Это было в Россонском районе на Вшебщине, где за каждым пригорком озеро, а за озером снова пригорок, Да немного поля, и лес, и озеро снова. В одном районе сто восемьдесят озер. Бывшая «зона пустыни». Тридцать лет после войны, а людей в сравнении с довоенным годом все еще только чуть поболе половины… Чудесный уголок нашей земли, край партизанского мужества и бездна невинных мук…

На непоследней поляне того болотистого леса, за которым, на самой границе Белоруссии с Россией, должна быть Баканиха, проводник еще раз втолковал шоферу, куда тут и как, а сам выбрался из машины, пошел куда-то и исчез. Снова врезавшись в чащобу, «газик» наш и храпел, и ревел, и задыхался, вывиливая по заболоченному после щедрых дождей подобию лесной дороги, а то и прокладывая себе дорогу по целине. Потом товарищ Ващепко, как строго сказал бы кто-нибудь, немного зарвался: рванул в одну подозрительную колдобину с ходу, поревел, подергался «газиком» и — основательно засел. Как сказал бы кто-нибудь другой, повеселее, — только антенна видна. И тут, как добрый дух-леший, из зеленых недр вынырнул наш проводник. Началось спокойное обдумывание, что же тут делать… Часа через два мы выбрались из ямины, отмылись немного в солнечном после чащобы и тревоги озере Глыба, потом еще раз врезались в чащобу, еще раз чуть-чуть не засели и вскорости вырвались все-таки на большую поляну.

До зимы 1942/43 года на этой поляне стояла деревня.
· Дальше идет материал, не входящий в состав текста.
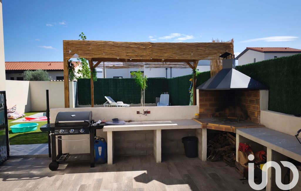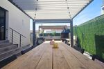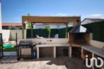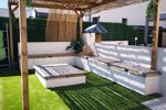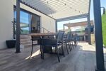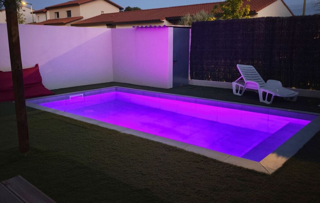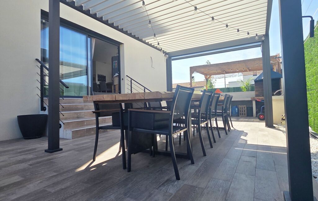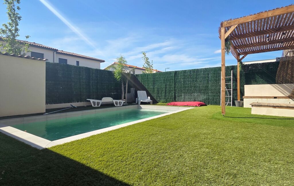 Pour la partie jardin, le jardin entièrement fini avec un peu de vis à vis avec piscine de 6 par 3, gazon synthétique avec coin salon de jardin avec brasero et une terrasse avec pergola bioclimatique et coin barbecue en dur.

Сорок одна усадьба. А осталась — одна. На пригорочке у леса. А между нами, — потому что мы тут, на своей опушке, остановились фотографировать, — и той усадьбой в низкой долине течет криница с мостком, на ней и стоят покинуто два бывших коровника и сеновал. Прежде колхозные, поставленные вскоре после войны, а сегодня уже ненужные совхозу, в который влился колхоз. Центр совхоза далековато отсюда — за озером, что сверкающе распростерлось на юге.

Решайте теперь, что это — деревня или хутор — Баканиха…

Тот, к кому мы приехали, дед Архип Тихонович Жигачев, был во дворе, складывал у сарая наколотые дрова. Мы уже кое-что знали о нем, однако главное было здесь. Оно началось с дедовых рук — обгоревших когда-то, без пальцев, которые срослись в одно… Да все ж, дедок подвижный еще и даже веселый. Восемьдесят четыре года.

Ему не впервой такие расспросы, и он в хате снял Шапку, сел степенно за стол и начал, для разгона сказав:

«…Дайте мне надуматься только…

…Когда был тут пришедший отряд немецкий, то мы были забраны в деревню Мамолю. И утром, в этот же день, как жгли нас, пришли мы в Лопатки, а там смотрим — Заусветье горит. Мы не остановились, пришли в свою деревню. Сюда, в Баканиху.

Как только пришел я в квартиру — собрались женщины, спрашивают, где мы были? И посмотрю я — уже полицейский побежал через мой двор. И шаровары обматывает вокруг спины: мои шаровары были выброшены в сад. А он уже забрал себе.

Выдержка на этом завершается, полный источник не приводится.